Yeah, true. But, I guess using it to improvize could be interesting. For example, loading up phrases, maybe with different time signatures (I think that's possible, anyone know?), switching between them within measures or over bar lines to get some interesting accidents. I know this can be done with LASS, but I guess it's a different element of chance.

Only two dynamic layers and the overuse of TM bothers me. It just makes it seem like a half hearted project. 

It's either AS, Damage or Evolve. I hope I don't regret this!


----------



## marcotronic (Jul 23, 2013)

Get Damage!


----------



## TSU (Jul 23, 2013)

Thinking to get AS for half-price too... but after some research about it changed my mind. I think they sound even more mechanical than a non-phrase libraries for many reasons. And the main is that they always play straight by grid. It is like drawing with mouse on grid. Lifeless. Just my opinion.


----------



## germancomponist (Jul 23, 2013)

Interesting: Now more and more people have the same opinion what I had when this lib came out. 

Huh.... .


----------



## IgnasiVelasco (Jul 23, 2013)

When I bought it I thought it would instantly make my string arrangements more efficient in terms of saving time.

After using it for some months, I don't really know what to say... I can build phrases faster, but not better.
Not to mention that since it's included in Komplete, now everyone's strings will sound the same... 

Without a doubt, I would never pay the full price (I did it and I regret it... actually I don't know what the hell I was thinking about...) 50% off might be interesting though, I think I would buy it for that price.

Edit: If you already have LASS, think about it.


----------



## Steve Steele (Jul 23, 2013)

IgnasiVelasco @ Tue Jul 23 said:


> When I bought it I thought it would instantly make my string arrangements more efficient in terms of saving time.
> 
> After using it for some months, I don't really know what to say... I can build phrases faster, but not better.
> Not to mention that since it's included in Komplete, now everyone's strings will sound the same...
> ...



Hey Ignasi - Not better, because of the sound limitations of the library (two dynamic layers, poor recording, not enough content, having to rely on Time Machine too much)? Or, was it a matter of control, not smooth enough to use? Or not enough phrases to match what you wanted to compose? It seems to need more content. Or I'll just get stuck having to compose to it. yuck.

Actually, I do have LASS, CS2 and Albion. I may get OSR soon too. So I've got some tools to help layer it with. I also use MIR and sometimes Slate VTM on libs that don't have good rooms or sound bland. MIR does n good job of adding life and warmth to boring libs. 

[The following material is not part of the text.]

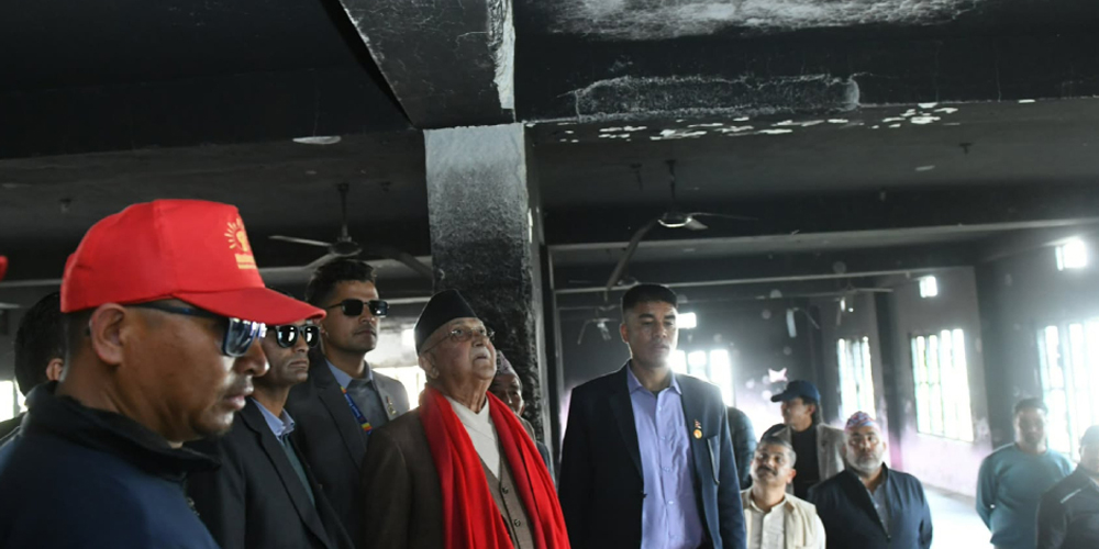 काठमाडौं । नेकपा एमालेका अध्यक्ष केपी शर्मा ओलीले आफ्नो दमकस्थित जलेको घरको निरीक्षण गरेका छन् । ओलीले आफ्ना घरका सामान सबै जलेको विषयमा आफ्ना नेता कार्यकर्ताहरूसँग छलफल गरेका थिए ।

Do you think if I were to do some minor eq'ing, and applied some processing to AS, that it might help it out? You mentioned everyone having that same sound already, so it's an obvious library to point out. Did you ever try to do some processing to it to give it a different sound?

Thanks


----------



## TSU (Jul 23, 2013)

nightwatch @ 7.24.2013 said:


> Actually, I do have LASS, CS2 and Albion.



I am sure you don't need an AS. Don't have it as I wrote already... but anyway I am sure


----------



## Daniel James (Jul 23, 2013)

germancomponist @ Tue Jul 23 said:


> Interesting: Now more and more people have the same opinion what I had when this lib came out.
> 
> Huh.... .



You must have converted them 

-DJ


----------



## Steve Steele (Jul 23, 2013)

Daniel James @ Tue Jul 23 said:


> germancomponist @ Tue Jul 23 said:
> 
> 
> > Interesting: Now more and more people have the same opinion what I had when this lib came out.
> ...



DJ - Can you save me a few hours of trying to figure this out please?  Doesn't need to be a long response.

I know from your video that you manipulate the rhythm of the phrases. Great. That's all I'm wanting to do with AS mostly. But do you ever start a cue idea with AS by experimenting, and creating rhythmic phrases to come up with ideas you may not have thought of otherwise by, for example, keyswitching between two or three phrases on odd beats before the phrase ends, etc? Know what I mean? Sort of like you did in the video but maybe to a further extreme. If so is it enjoyable enough to work that way?

Can you mix phrases of different time signatures into the same page? I'd like to have a page with 4/4, 3/4, 5/4, phrases mixed, just to create polyrhythms and syncopations in real time. I can't find that info anywhere but it looked like in your video you almost added a 3/4 phrase into a page of 4/4 phrase. I think I saw a screenshot of a page with all 4/4 phrases and one 6/8 phrase. So I guess it's yes, but I just want to clarify. 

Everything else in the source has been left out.